Regardless of this sad aspect, my mind since dawn of the 1st Muharram was focused on exploring some meaningful relevance of Hijrah to me and other Muslims today. 

First Muharram as a begging of New Islamic year is basically related to commemorate an epoch making event of Islamic and human history and that should be the focal point of reflection on this occasion instead of any other event. And that is Prophet’s migration from Makkah to Madinah which has also been highlighted in the Quran. 

Prophet’s Hijrah was both a geographical shift as well as a Strategic Action Plan to march forward with the Islamic mission. Each and every step of this plan was well thought of and divinely guided. Hence, it must have an everlasting relevance to all Muslim generations to come thereafter. 

Hijrah, in the sense of ‘geographical shift was obligatory for all contemporary Muslims till Conquest of Makkah but after that Prophet himself stopped this process as he declared ” لا هجرة بعد الفتح” that is ‘there no more migration from Makkah or elsewhere to Madinah’.  

However, Hijrah in the sense of a ‘strategy’ for intellectual, moral and social transformation at individual as well as community levels is a continuing process. This aspect has been defined by the Prophet as:

 ‘المهاجر من هجر ما نهى الله عنه’

‘The true Muhajir/migrant is one who quits whatever is forbidden by Allah.’

In application this broader and perpetual aspect of Hijrah would mean a range of different things for individuals, families and groups they should ‘quit’ in order to do what they have got to do as Muslims and subsequently get closer to Allah. This act of consciously ‘quitting’ what ought not to be done for the sake of doing what ought to be done will be counted as their Hijrah.

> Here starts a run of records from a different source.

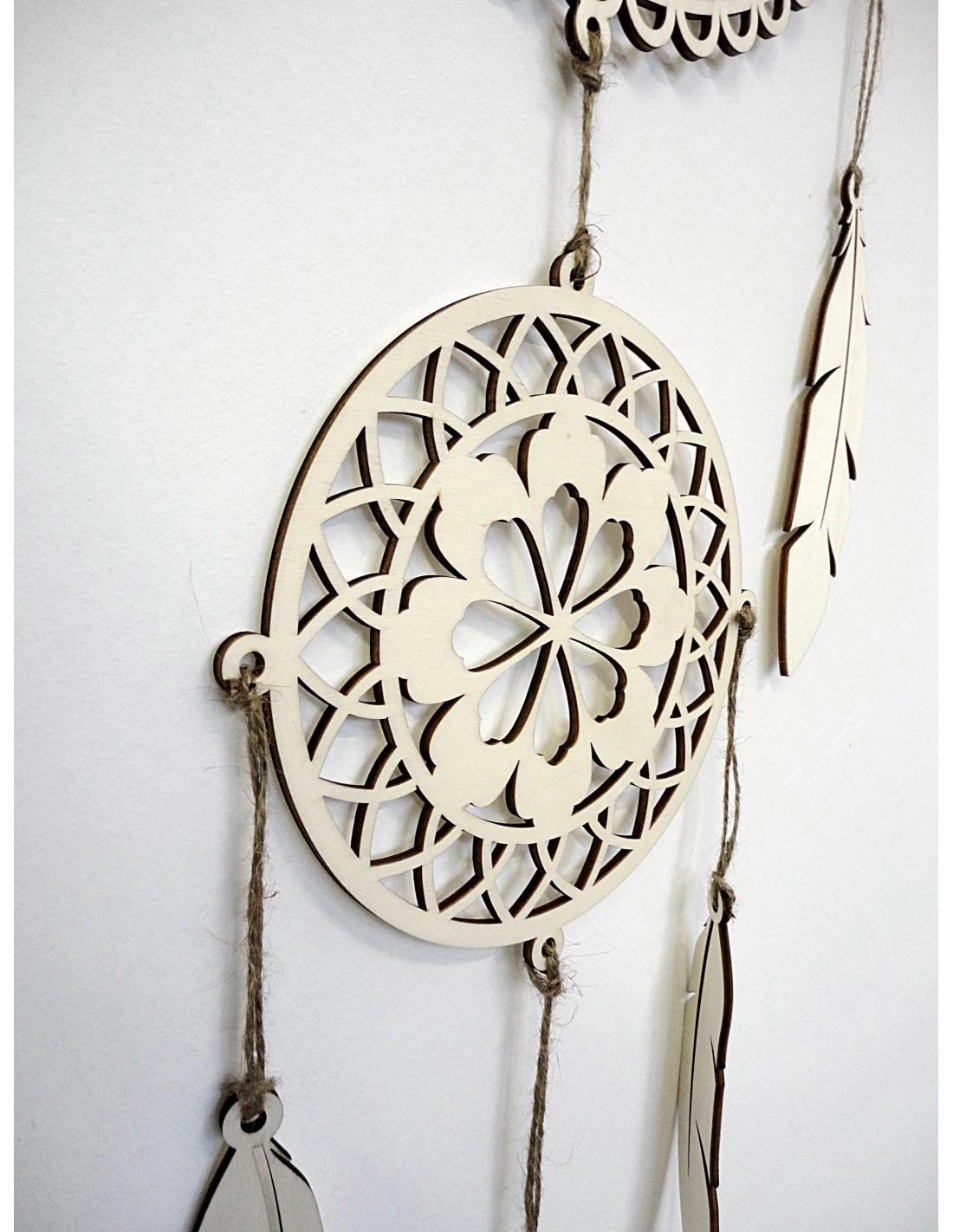 Celý lapač snů je pečlivě vyříznut z kvalitní topolové překližky o tloušťce 5 mm .
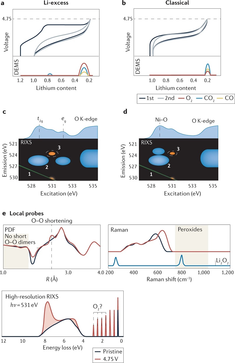 近年来,科学家们已提出了几种机制来解释这些材料的过剩容量,包括未杂化的O 2p轨道氧化形成局部电子空穴对等,但是导致Li过剩和相关正极材料异常过剩容量的氧化还原机制一直存在争议,很可能多种机制促成了不同阴离子氧化还原系统的行为。此外,确定一种精确的阴离子氧化还原机制的障碍是关于Li过量材料的文献对于阴离子氧化还原的定义含糊不清。由于缺乏能够将阴离子氧化还原与正极材料中发生的其他不可逆反应区分开来的直接表征技术,机理研究变得更加复杂。
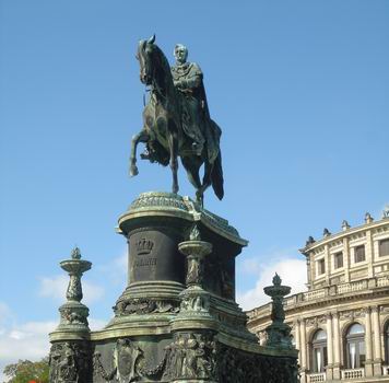 |     在茨溫格宮,隨處可見的還有形態(tài)各異的雕塑和雕像。穿過名畫陳列館中間的通路則進(jìn)入了更廣闊的劇院廣場(chǎng)(Theaterplatz),廣場(chǎng)中央矗立著英武的薩克森國王約翰騎士塑像。雕像作于1889年,刻畫的薩克森國王約翰(Johann)因翻譯但丁的《神曲》而聞名。 雕像左側(cè)即是著名的森伯歌劇院(Semperoper)。德累斯頓的戲院和歌劇院為這個(gè)城市帶來了音樂之城的美譽(yù),而森伯歌劇院則是其中最漂亮、最完美的一座。1678年,差不多就在如今的劇院廣場(chǎng)上,誕生了阿爾卑斯山以北第一家固定的劇院;1841年,嶄新的王家宮廷劇院在這里落成,隨后卻毀于1869年的大火中。后來,人們找到修建它的建筑大師戈特弗里德森伯(Gottfried Semper)重新設(shè)計(jì)并修建劇院,然而1945年二月的空襲使得這座世界聞名的歌劇院也無法幸免于難。如今,人們花去了40年的時(shí)間將劇院的外觀盡可能按原樣進(jìn)行了修復(fù),同時(shí),內(nèi)部的修繕也獲得了相當(dāng)大的成功。  |
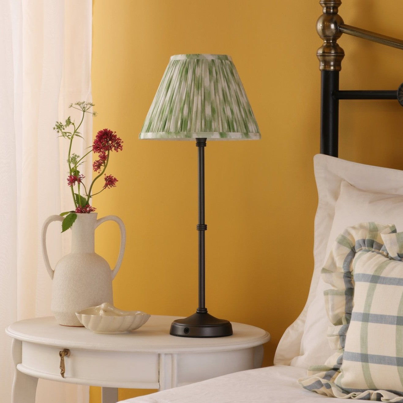 The Dahl rechargeable table lamp offers stylish, portable lighting with a classic matt black finish. Perfect for areas without plug sockets or occasional outdoor use (not waterproof), it provides up to 8 hours of warm illumination on a single charge via USB-C. A 3-stage touch dimmer allows you to set the ideal ambience, while the design can be paired with your choice of shade up to 25cm for a personalised look. Compact and versatile, the Dahl is perfect for reading in bed, dining al fresco, or adding a touch of elegance to any corner of the home.
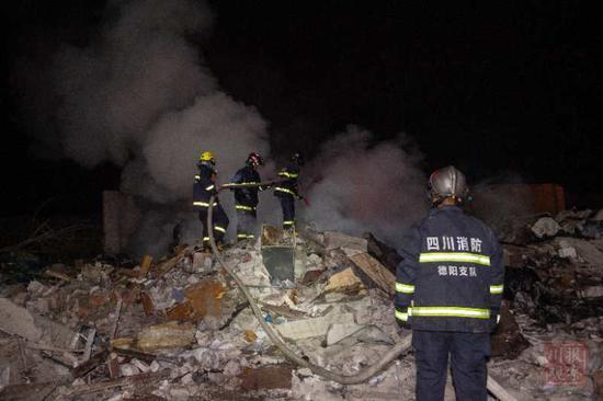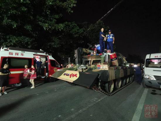 对此次燃爆事故,消防启动了一次较大规模的救援——共调集包括德阳市10个消防站104人、成都支队6车27人、绵阳支队12车53人以及训保支队1发电车2人等在内救援力量,并派出了四川仅有的两台消防坦克之一,而这是我省消防坦克第一次出现火灾救援现场。

Thus, every Muslim individual or group willing to initiate self-renewal or self-transformation has to ‘re-define’ Hijrah within one’s own situational context. One has to simply ask oneself: Am I living here and now up to the Islamic standards and values? If not, then what is there within me or my surroundings that I am preoccupied with instead? As soon as one honestly finds the answer to this question, one’s intellectual, moral and social Hijrah begins instantly. 

For some it would mean to quit some useless or rather harmful habits such as: laziness, procrastination, late sleeping and late rising, smoking, over spending on food, cloths and luxuries. For others it would require to repent/Tawbah from sinful tendencies and behavior. While still others find their Hijrah in saying goodby to some ‘friends’ or seemingly innocent hobbies or parties or family -get-togethers to minimize distraction and maximize concentration on the things that matter the most. And so on.